_Extracted information_:
* * * * *
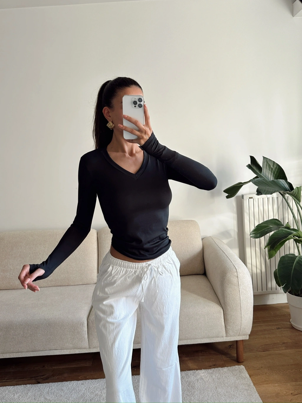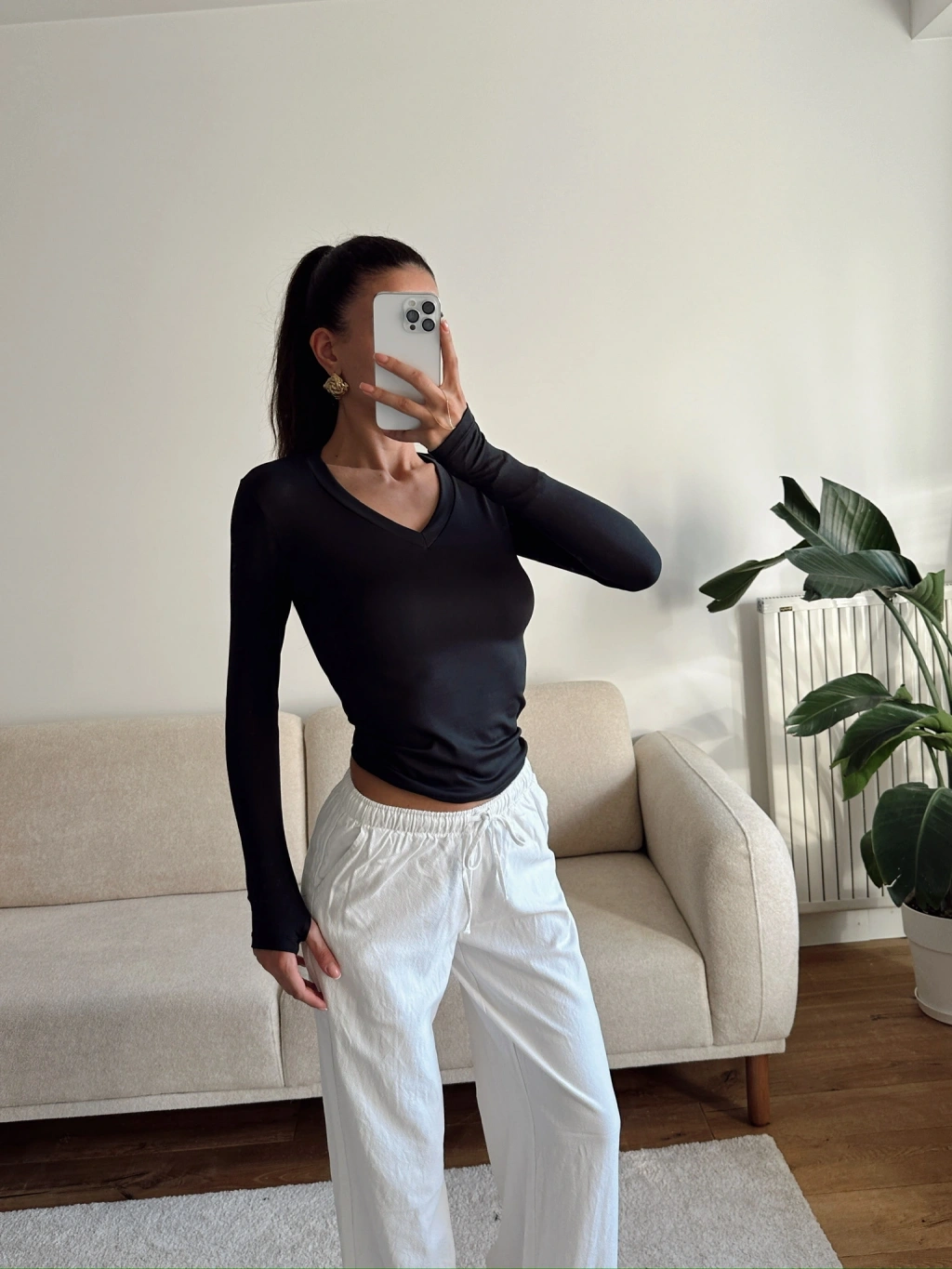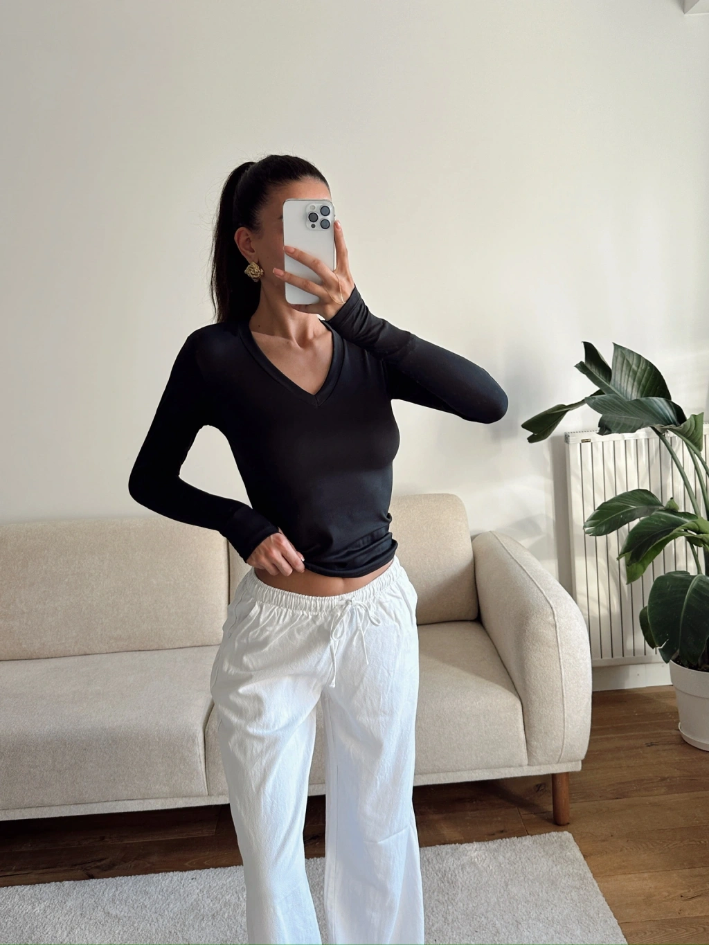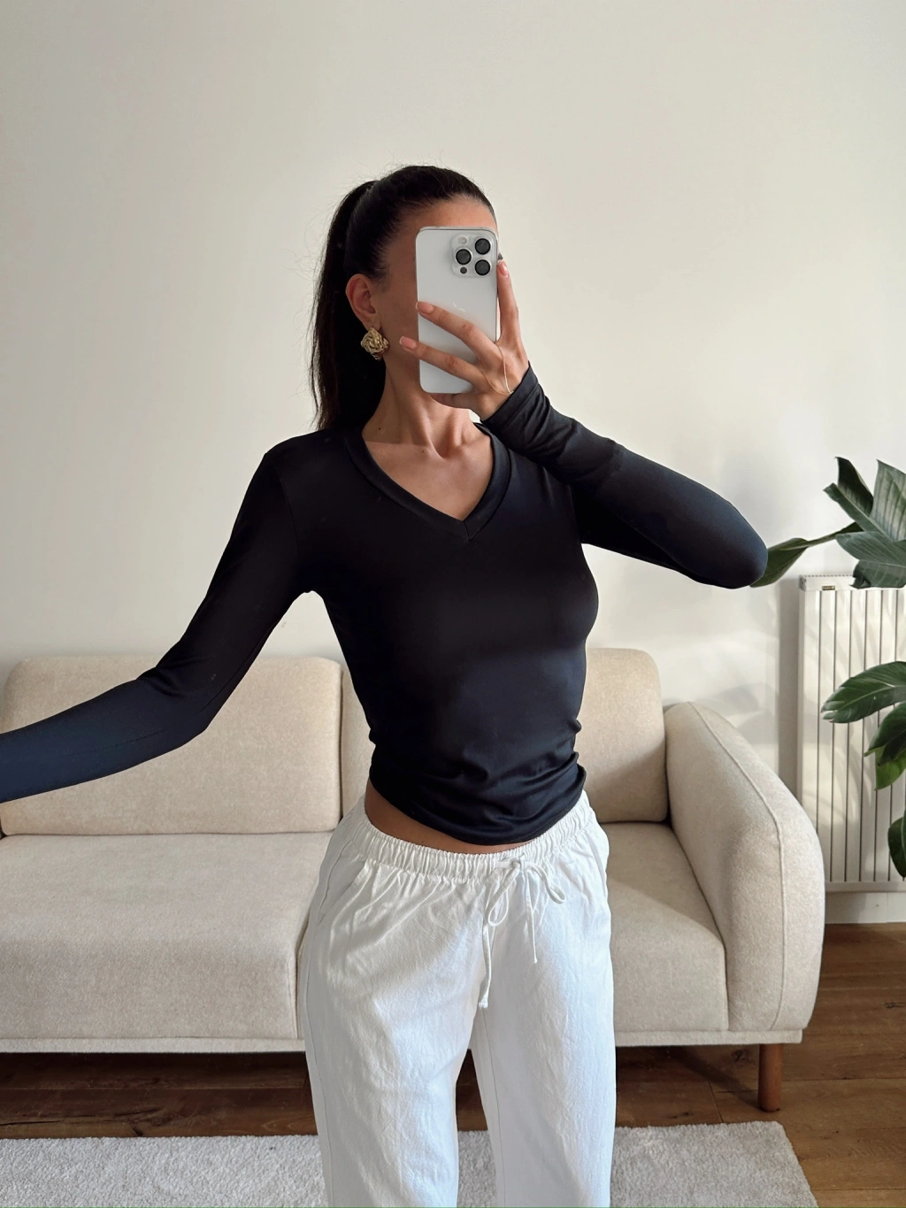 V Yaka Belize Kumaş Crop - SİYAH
* * * * *
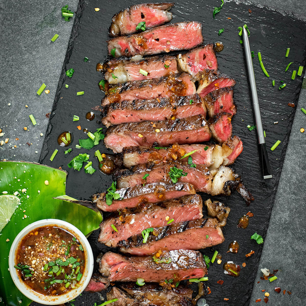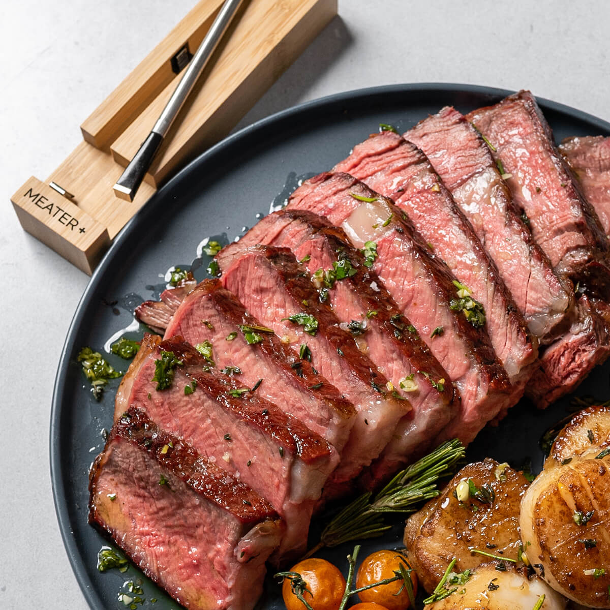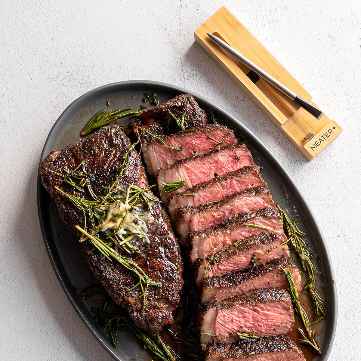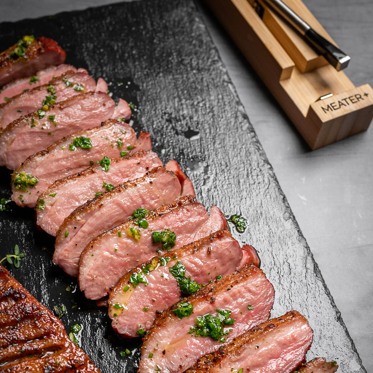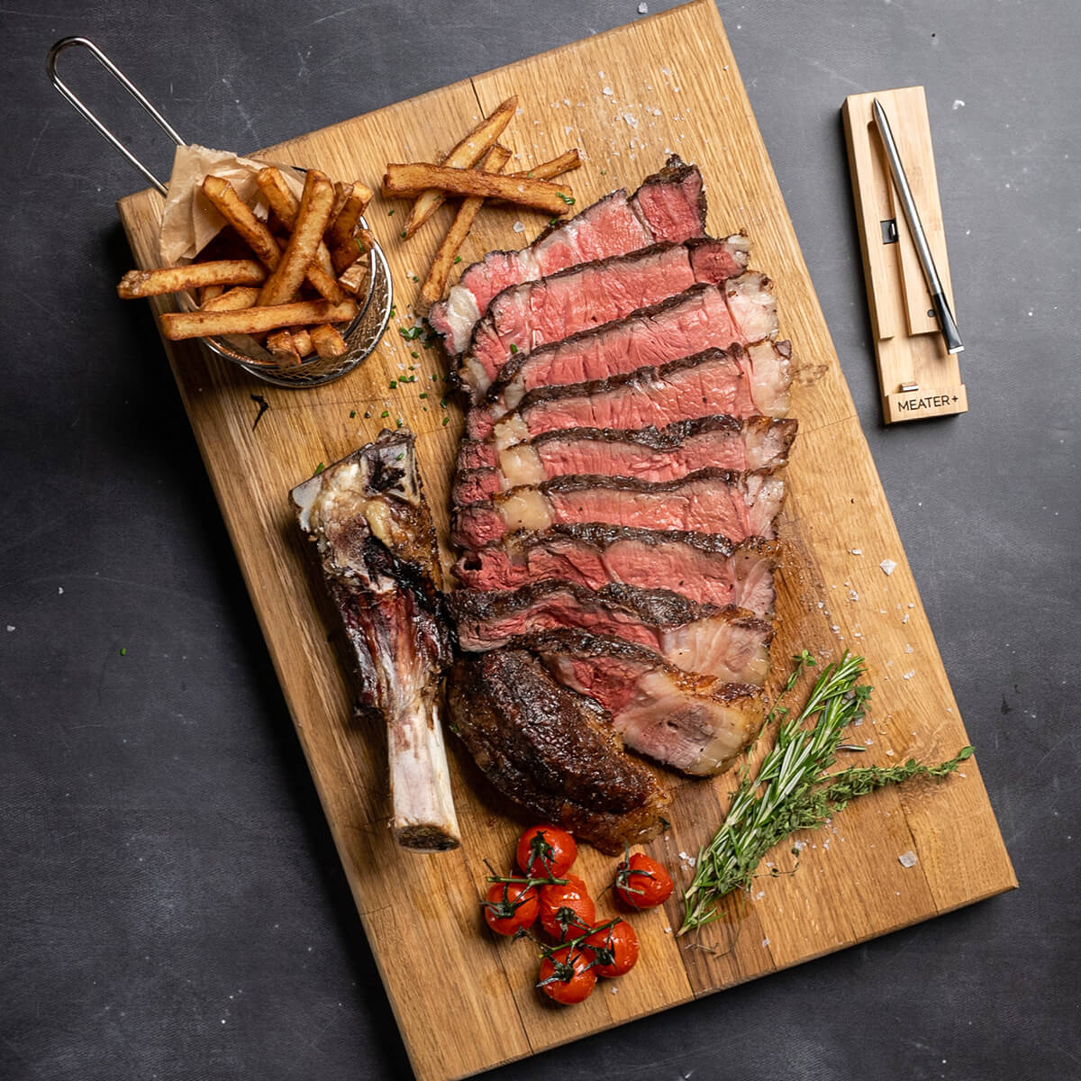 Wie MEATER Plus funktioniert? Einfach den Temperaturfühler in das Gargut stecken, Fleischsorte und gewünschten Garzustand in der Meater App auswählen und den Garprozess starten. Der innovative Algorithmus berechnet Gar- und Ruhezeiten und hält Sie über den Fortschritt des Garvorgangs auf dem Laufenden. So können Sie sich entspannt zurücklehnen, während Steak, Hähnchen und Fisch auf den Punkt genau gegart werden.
* * * * *
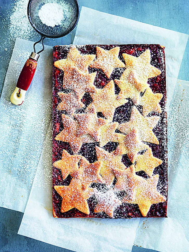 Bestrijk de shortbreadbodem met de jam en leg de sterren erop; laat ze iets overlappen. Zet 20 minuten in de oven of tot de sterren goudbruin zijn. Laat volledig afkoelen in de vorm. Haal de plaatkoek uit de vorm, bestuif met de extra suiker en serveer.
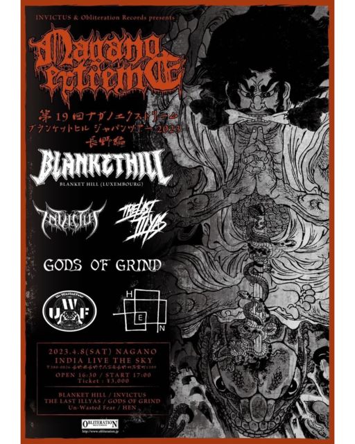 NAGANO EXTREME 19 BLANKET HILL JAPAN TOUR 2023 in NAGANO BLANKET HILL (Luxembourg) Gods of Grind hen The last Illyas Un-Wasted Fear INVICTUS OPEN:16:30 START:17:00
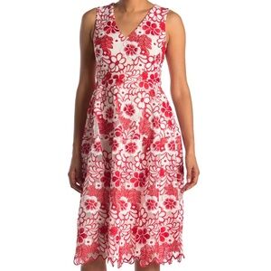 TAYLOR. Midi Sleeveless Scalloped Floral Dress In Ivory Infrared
* * * * *
_Aim of the exercise_: Starting at the line with "Bestrijk de shortbreadbodem" in the entries above, write out every line exactly until the line with "TAYLOR. Midi Sleeveless" has been written. Include no pictures and nothing more.

_Written solution_:
 Bestrijk de shortbreadbodem met de jam en leg de sterren erop; laat ze iets overlappen. Zet 20 minuten in de oven of tot de sterren goudbruin zijn. Laat volledig afkoelen in de vorm. Haal de plaatkoek uit de vorm, bestuif met de extra suiker en serveer.
 NAGANO EXTREME 19 BLANKET HILL JAPAN TOUR 2023 in NAGANO BLANKET HILL (Luxembourg) Gods of Grind hen The last Illyas Un-Wasted Fear INVICTUS OPEN:16:30 START:17:00
 TAYLOR. Midi Sleeveless Scalloped Floral Dress In Ivory Infrared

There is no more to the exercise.